* MATERIAL SHOWN
..........
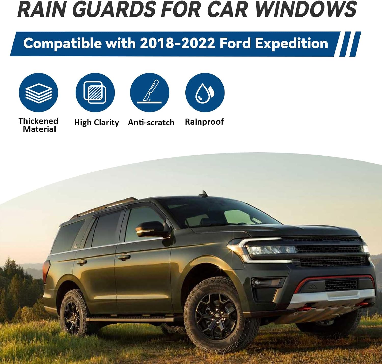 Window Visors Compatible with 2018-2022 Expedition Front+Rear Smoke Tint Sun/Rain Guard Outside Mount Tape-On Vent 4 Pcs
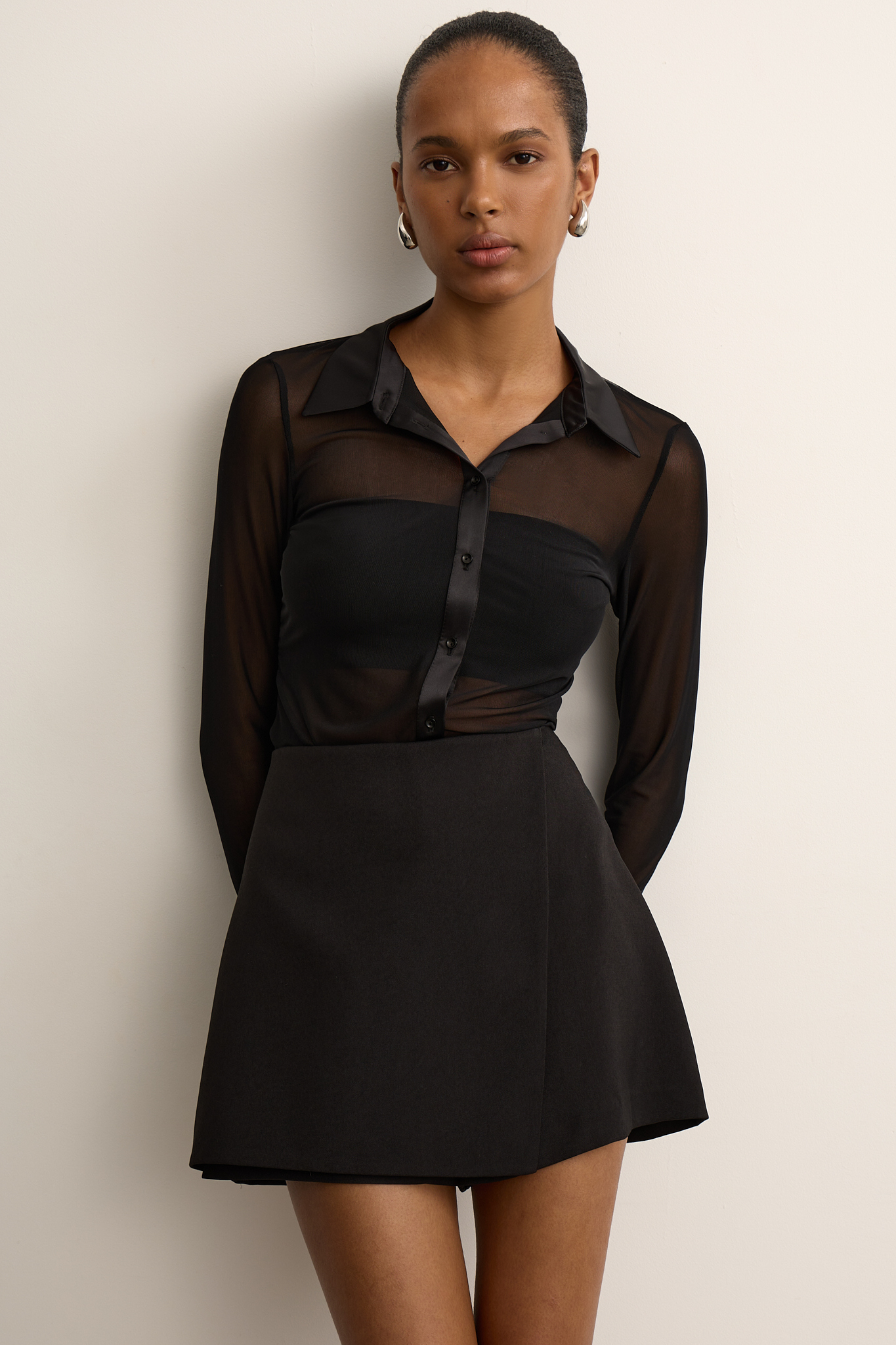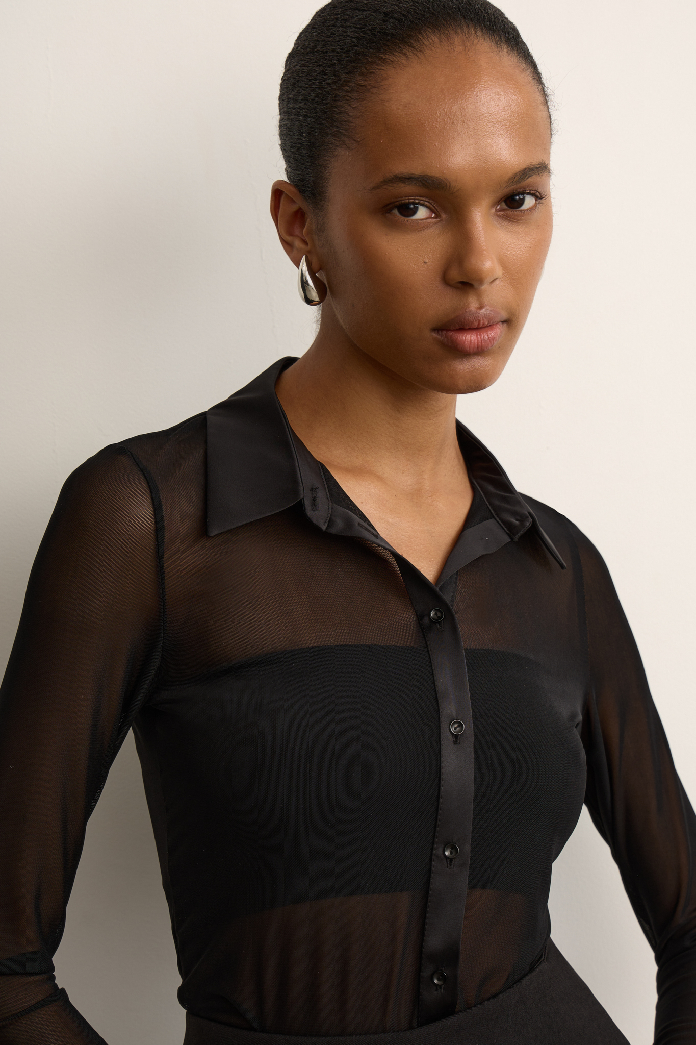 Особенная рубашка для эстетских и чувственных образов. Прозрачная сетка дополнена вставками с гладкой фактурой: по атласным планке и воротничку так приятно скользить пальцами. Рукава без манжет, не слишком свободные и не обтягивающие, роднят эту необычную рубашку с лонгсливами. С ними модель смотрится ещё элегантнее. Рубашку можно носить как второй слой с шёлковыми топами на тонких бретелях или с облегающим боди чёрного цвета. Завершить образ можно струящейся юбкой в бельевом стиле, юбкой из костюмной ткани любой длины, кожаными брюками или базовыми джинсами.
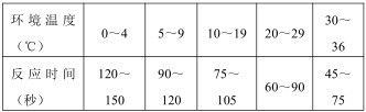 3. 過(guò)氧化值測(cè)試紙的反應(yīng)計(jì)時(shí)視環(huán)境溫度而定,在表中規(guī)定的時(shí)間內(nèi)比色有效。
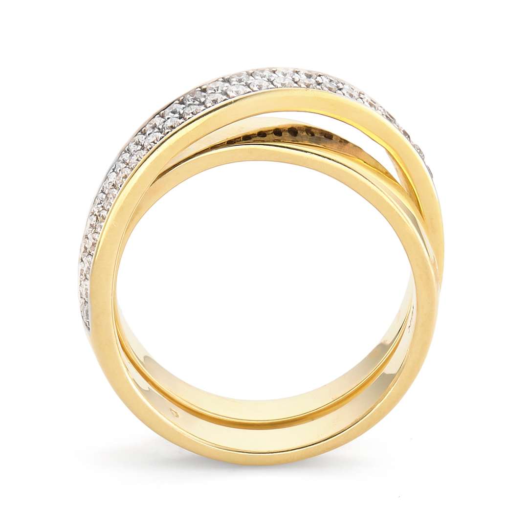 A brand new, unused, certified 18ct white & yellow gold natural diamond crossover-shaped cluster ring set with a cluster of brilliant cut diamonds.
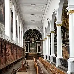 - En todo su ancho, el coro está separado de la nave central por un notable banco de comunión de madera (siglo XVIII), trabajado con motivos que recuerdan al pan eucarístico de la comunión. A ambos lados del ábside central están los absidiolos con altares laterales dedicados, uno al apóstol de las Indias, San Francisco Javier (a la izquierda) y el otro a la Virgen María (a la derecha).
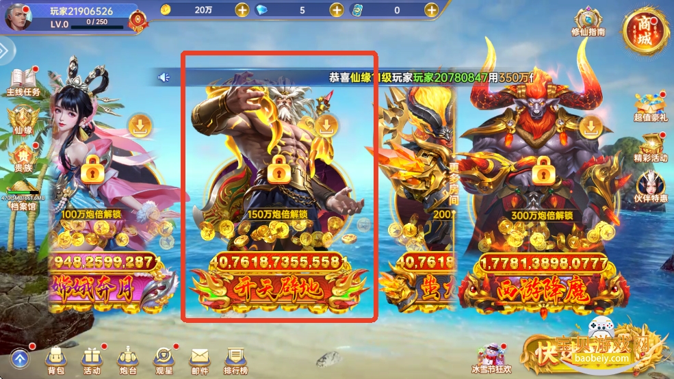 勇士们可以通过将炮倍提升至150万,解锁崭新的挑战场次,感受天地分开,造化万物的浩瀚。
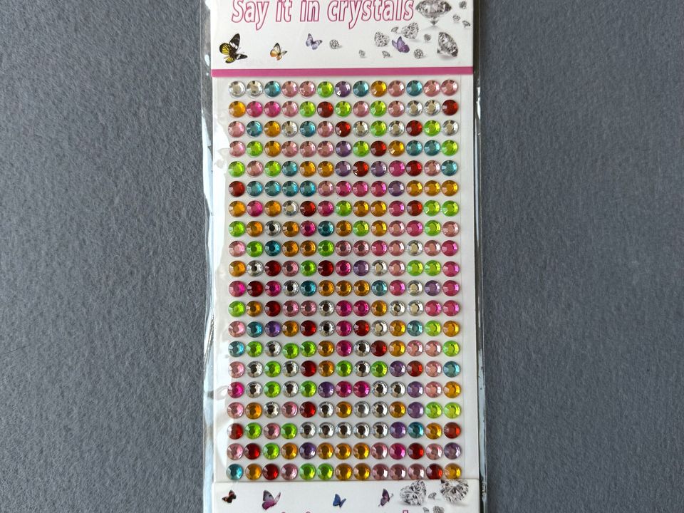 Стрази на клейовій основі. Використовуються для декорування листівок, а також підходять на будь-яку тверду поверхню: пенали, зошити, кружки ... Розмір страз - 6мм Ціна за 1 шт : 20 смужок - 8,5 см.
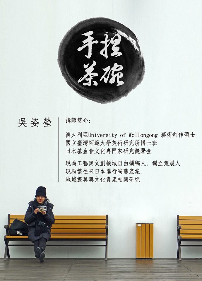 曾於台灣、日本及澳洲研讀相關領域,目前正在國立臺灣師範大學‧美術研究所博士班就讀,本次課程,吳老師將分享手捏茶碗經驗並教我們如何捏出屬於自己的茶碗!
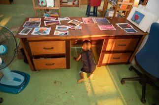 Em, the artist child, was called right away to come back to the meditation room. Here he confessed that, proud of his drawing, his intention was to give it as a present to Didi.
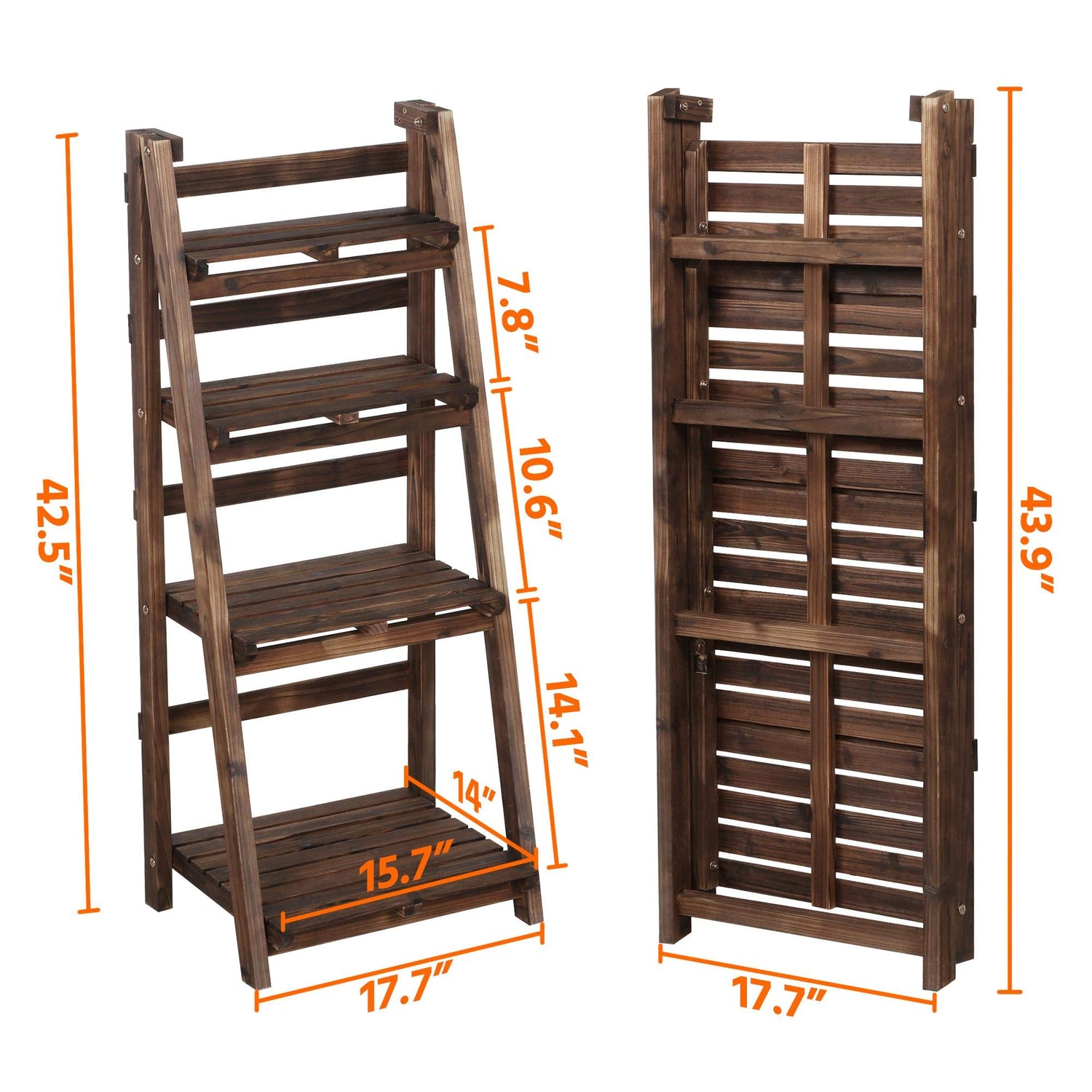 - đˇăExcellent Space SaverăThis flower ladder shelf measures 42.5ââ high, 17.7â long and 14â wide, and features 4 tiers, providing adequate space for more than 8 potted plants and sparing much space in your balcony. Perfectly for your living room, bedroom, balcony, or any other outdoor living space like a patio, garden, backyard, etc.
..........
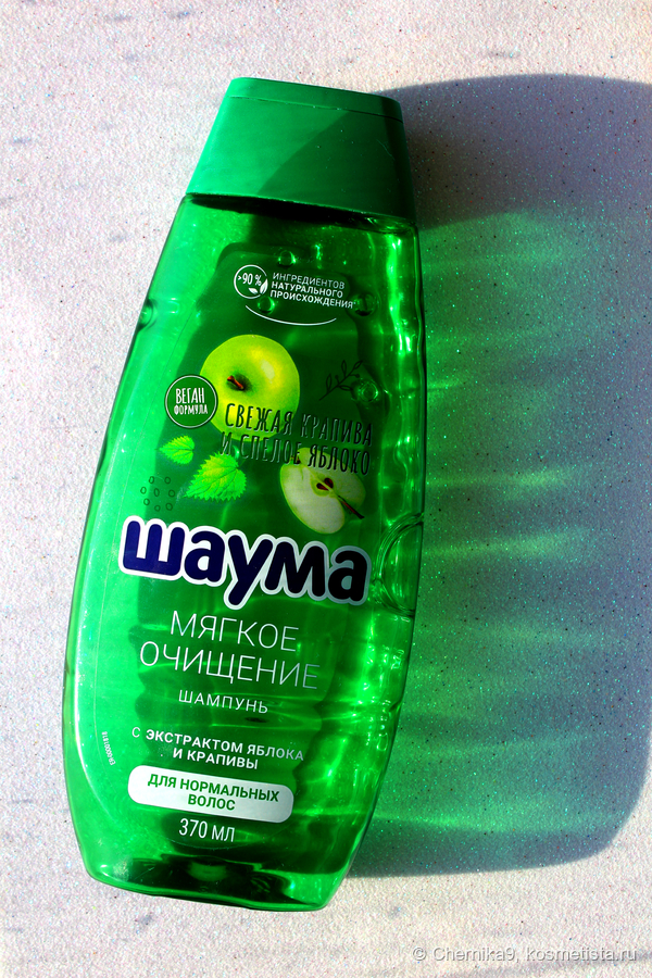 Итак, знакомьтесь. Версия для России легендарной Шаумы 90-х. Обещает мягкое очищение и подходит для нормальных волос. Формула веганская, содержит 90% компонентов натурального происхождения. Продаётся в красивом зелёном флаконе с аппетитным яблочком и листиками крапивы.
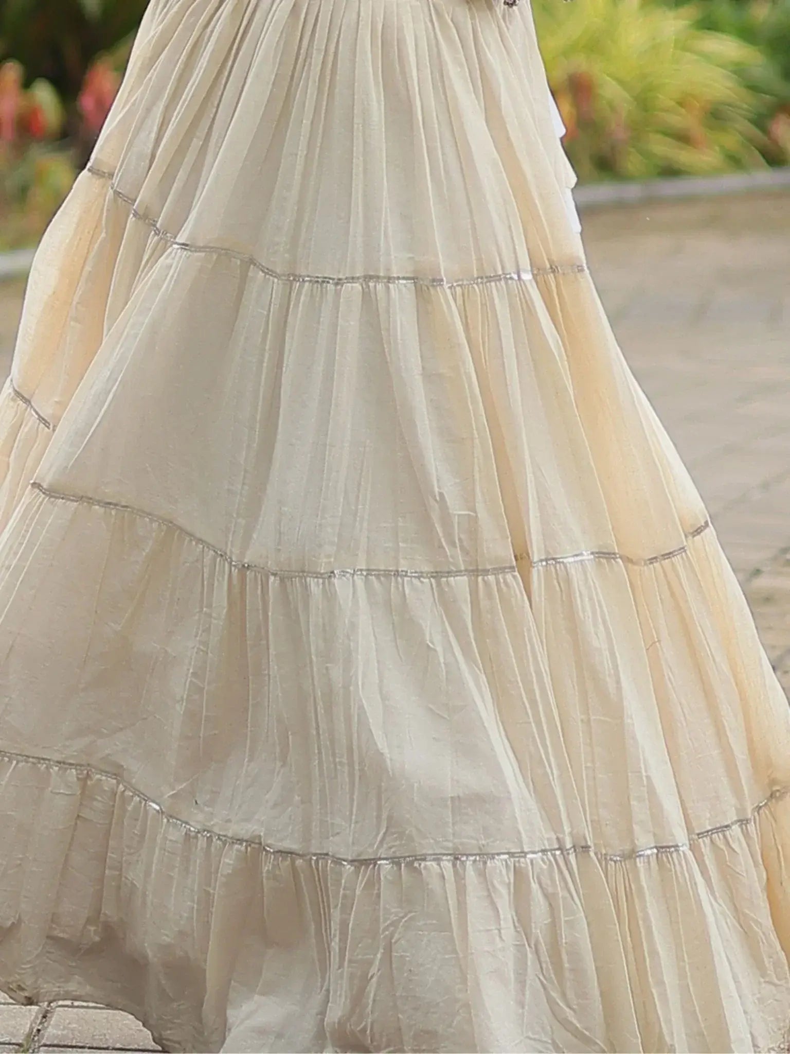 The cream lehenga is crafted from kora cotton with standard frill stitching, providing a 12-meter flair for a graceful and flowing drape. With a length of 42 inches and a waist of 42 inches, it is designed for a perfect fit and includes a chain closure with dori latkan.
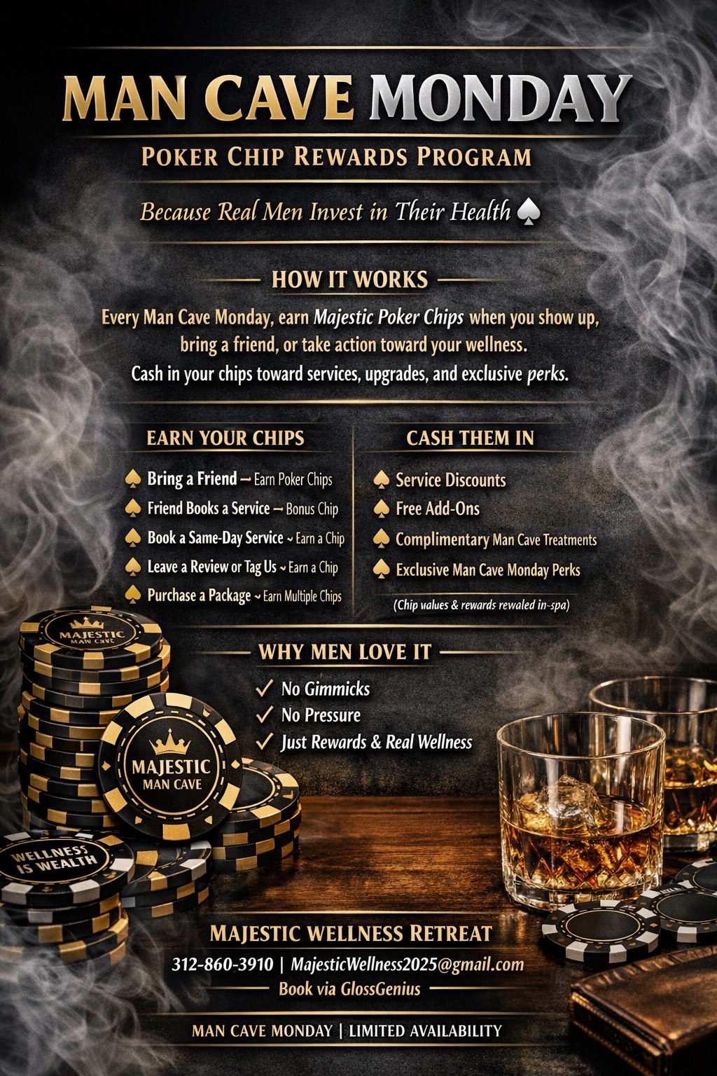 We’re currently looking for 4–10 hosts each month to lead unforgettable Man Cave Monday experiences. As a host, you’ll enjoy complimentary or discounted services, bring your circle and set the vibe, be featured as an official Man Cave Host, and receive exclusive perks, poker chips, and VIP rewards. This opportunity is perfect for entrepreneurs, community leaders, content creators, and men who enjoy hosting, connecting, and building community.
..........
Exact copy, pictures excluded: from the line with "- En todo su" up to and including the line with "- đˇăExcellent Space" in the data above.

* RESULT
 - En todo su ancho, el coro está separado de la nave central por un notable banco de comunión de madera (siglo XVIII), trabajado con motivos que recuerdan al pan eucarístico de la comunión. A ambos lados del ábside central están los absidiolos con altares laterales dedicados, uno al apóstol de las Indias, San Francisco Javier (a la izquierda) y el otro a la Virgen María (a la derecha).
 勇士们可以通过将炮倍提升至150万,解锁崭新的挑战场次,感受天地分开,造化万物的浩瀚。
 Стрази на клейовій основі. Використовуються для декорування листівок, а також підходять на будь-яку тверду поверхню: пенали, зошити, кружки ... Розмір страз - 6мм Ціна за 1 шт : 20 смужок - 8,5 см.
 曾於台灣、日本及澳洲研讀相關領域,目前正在國立臺灣師範大學‧美術研究所博士班就讀,本次課程,吳老師將分享手捏茶碗經驗並教我們如何捏出屬於自己的茶碗!
 Em, the artist child, was called right away to come back to the meditation room. Here he confessed that, proud of his drawing, his intention was to give it as a present to Didi.
 - đˇăExcellent Space SaverăThis flower ladder shelf measures 42.5ââ high, 17.7â long and 14â wide, and features 4 tiers, providing adequate space for more than 8 potted plants and sparing much space in your balcony. Perfectly for your living room, bedroom, balcony, or any other outdoor living space like a patio, garden, backyard, etc.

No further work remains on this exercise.